● Source material
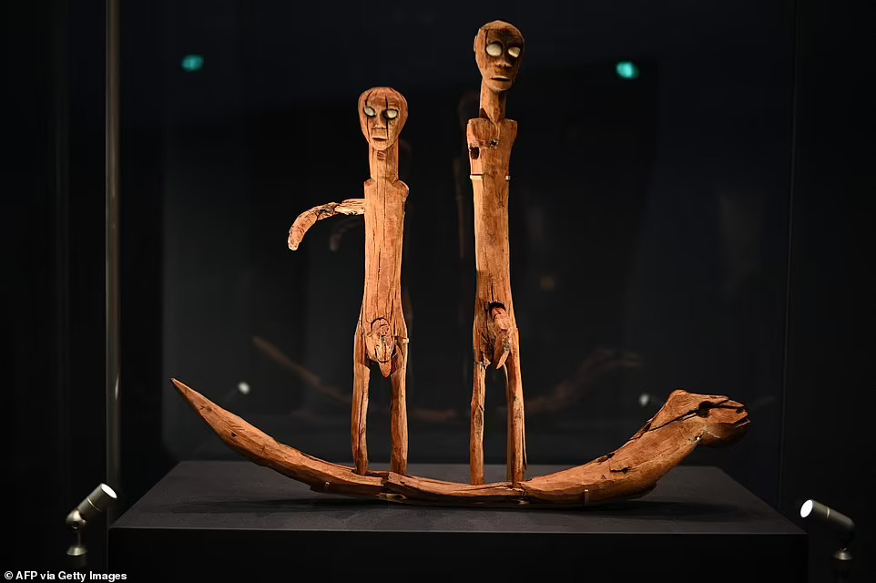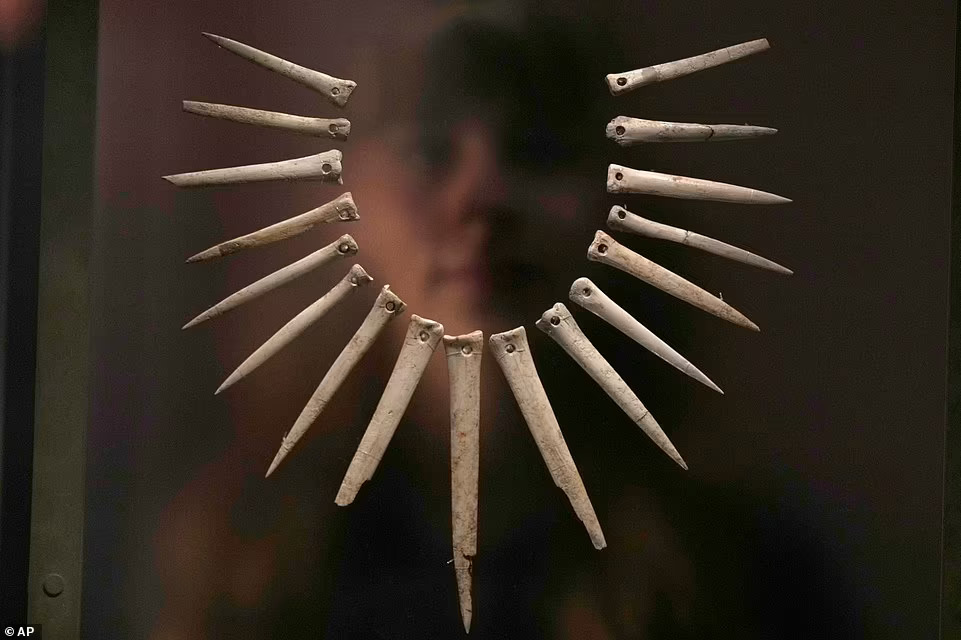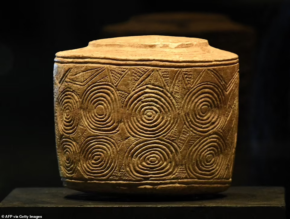 The chalk drum, which bears intricate circular etchings, was found alongside the ancient burial of three children near the village of Burton Agnes in East Yorkshire. Other artefacts on display include two gold hats and an ancient wooden monument called ‘Seahenge’ which dates back 4,000 years.
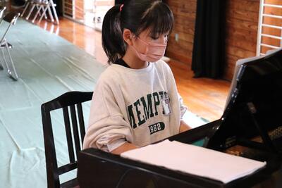 5月10日(水)、5月の全校朝会を体育館で行いました。校長先生から、校内にも巣をつくっている「ツバメ」を題材にしたお話がありました。その後、メキシコ民謡「ラ・ゴロンドリーナ」(スペイン語でツバメ)のリコーダー演奏が、國武教諭とのアンサンブルで披露されました。二人の奏でる音色に、子どもたちも興味津々でした。
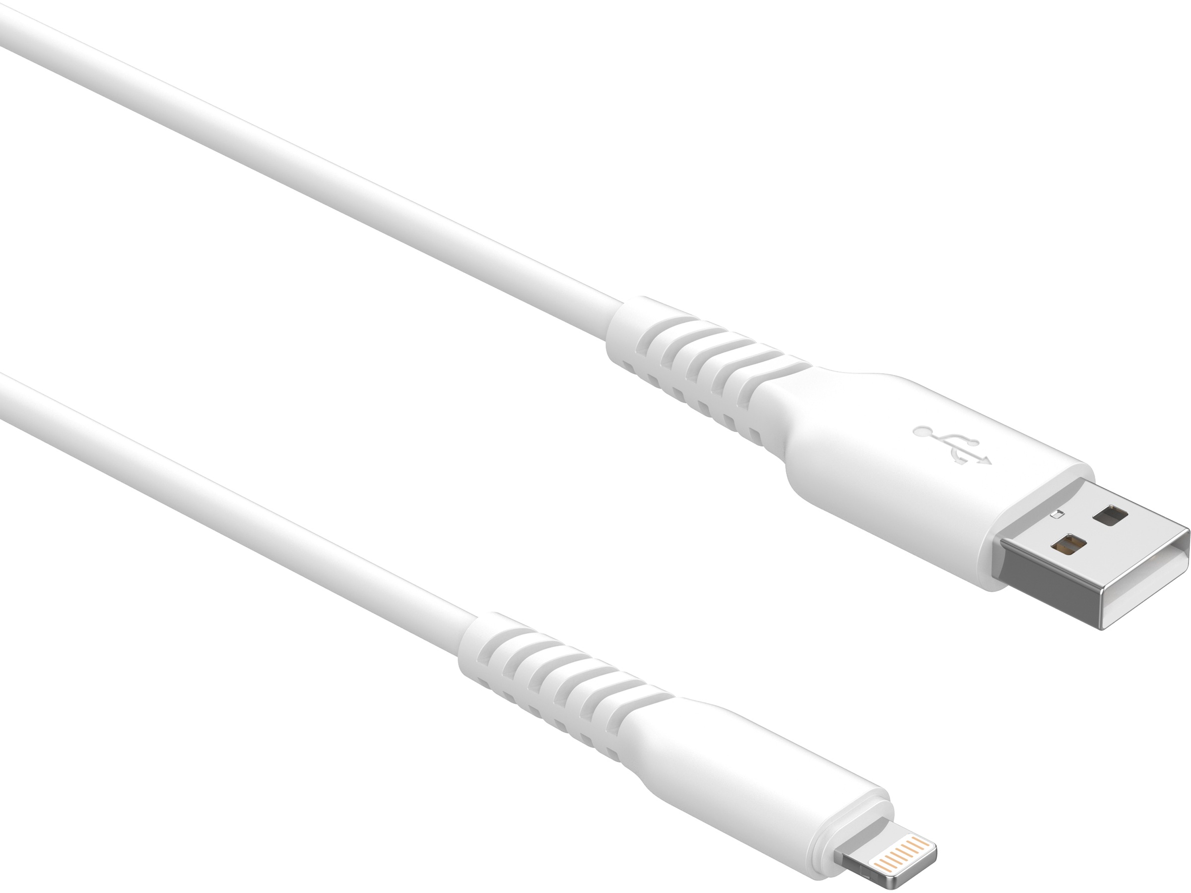 Kabeln är gjord av extra slitstarkt material med en helt gjuten kontakt och böjskydd som sitter på kabeln och har testats och godkänts för mer än 30 000 böjningar. Kabeln kan anslutas till valfri USB-port eller laddare (kabeltyp: USB-A) och laddar alla enheter med lightningkontakt.
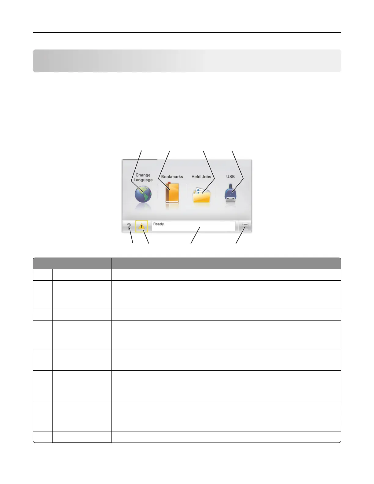 When the printer is turned on, the display shows a basic screen, referred to as the home screen. Use the home screen
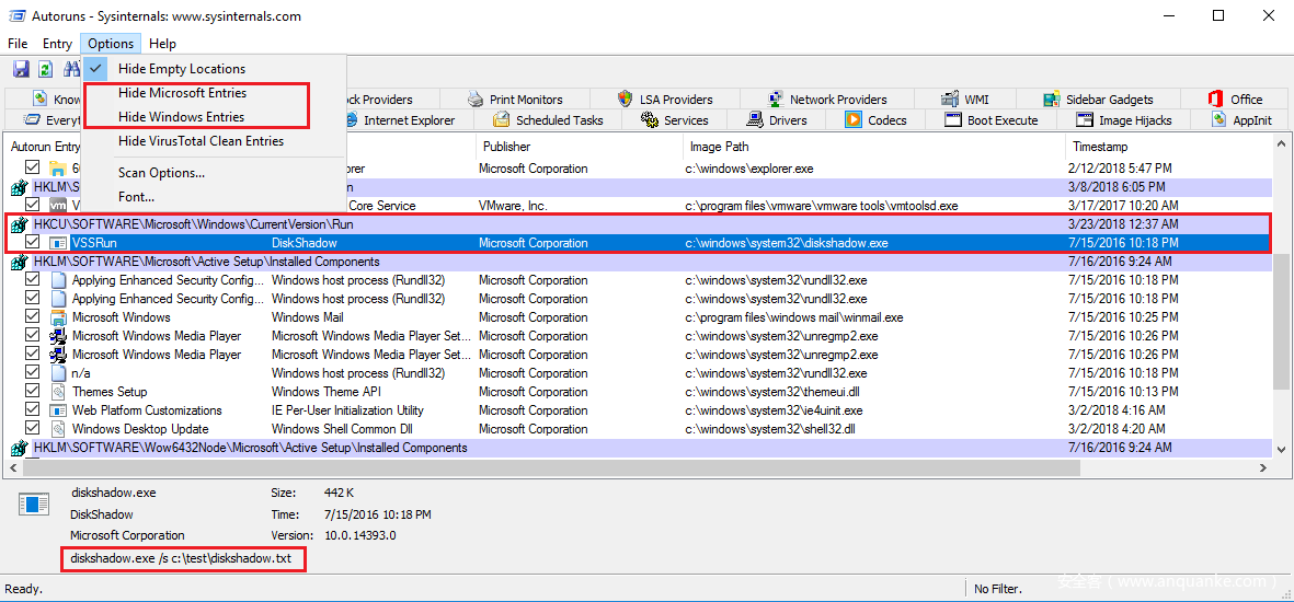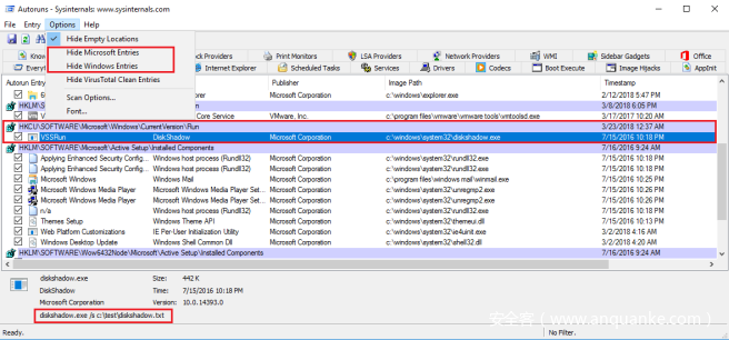 取消勾选“隐藏Windows条目”(Hide Windows Entries)之后,我们就可以看到AutoRuns注册表键信息了。
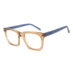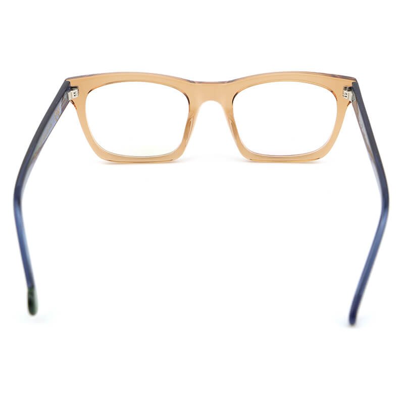 clear brown acetate frame and clear blue temples
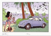 Commentaire : La "Coccinelle". Ex-libris faisant partie de la série "voiture" en couleur. Ces ex-libris sont réalisés par deux auteurs : F. Walthéry pour les décors et les pin-ups, l'autre auteur pour la voiture. Ici Eric Lenaerts. Il existe une version à 350 exemplaires signées par les deux auteurs, et une version à 200 exemplaires signées uniquement par F. Walthéry.
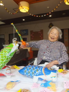 5月5日は子どもの日です。昔を思い出して鯉のぼりの魚釣りを行いました🎏

● Work order
Only the lines from the top of the records through the line with "clear brown acetate" belong in the copy; write them out exactly, leaving out pictures.

● Answer section
 The chalk drum, which bears intricate circular etchings, was found alongside the ancient burial of three children near the village of Burton Agnes in East Yorkshire. Other artefacts on display include two gold hats and an ancient wooden monument called ‘Seahenge’ which dates back 4,000 years.
 5月10日(水)、5月の全校朝会を体育館で行いました。校長先生から、校内にも巣をつくっている「ツバメ」を題材にしたお話がありました。その後、メキシコ民謡「ラ・ゴロンドリーナ」(スペイン語でツバメ)のリコーダー演奏が、國武教諭とのアンサンブルで披露されました。二人の奏でる音色に、子どもたちも興味津々でした。
 Kabeln är gjord av extra slitstarkt material med en helt gjuten kontakt och böjskydd som sitter på kabeln och har testats och godkänts för mer än 30 000 böjningar. Kabeln kan anslutas till valfri USB-port eller laddare (kabeltyp: USB-A) och laddar alla enheter med lightningkontakt.
 When the printer is turned on, the display shows a basic screen, referred to as the home screen. Use the home screen
 取消勾选“隐藏Windows条目”(Hide Windows Entries)之后,我们就可以看到AutoRuns注册表键信息了。
 clear brown acetate frame and clear blue temples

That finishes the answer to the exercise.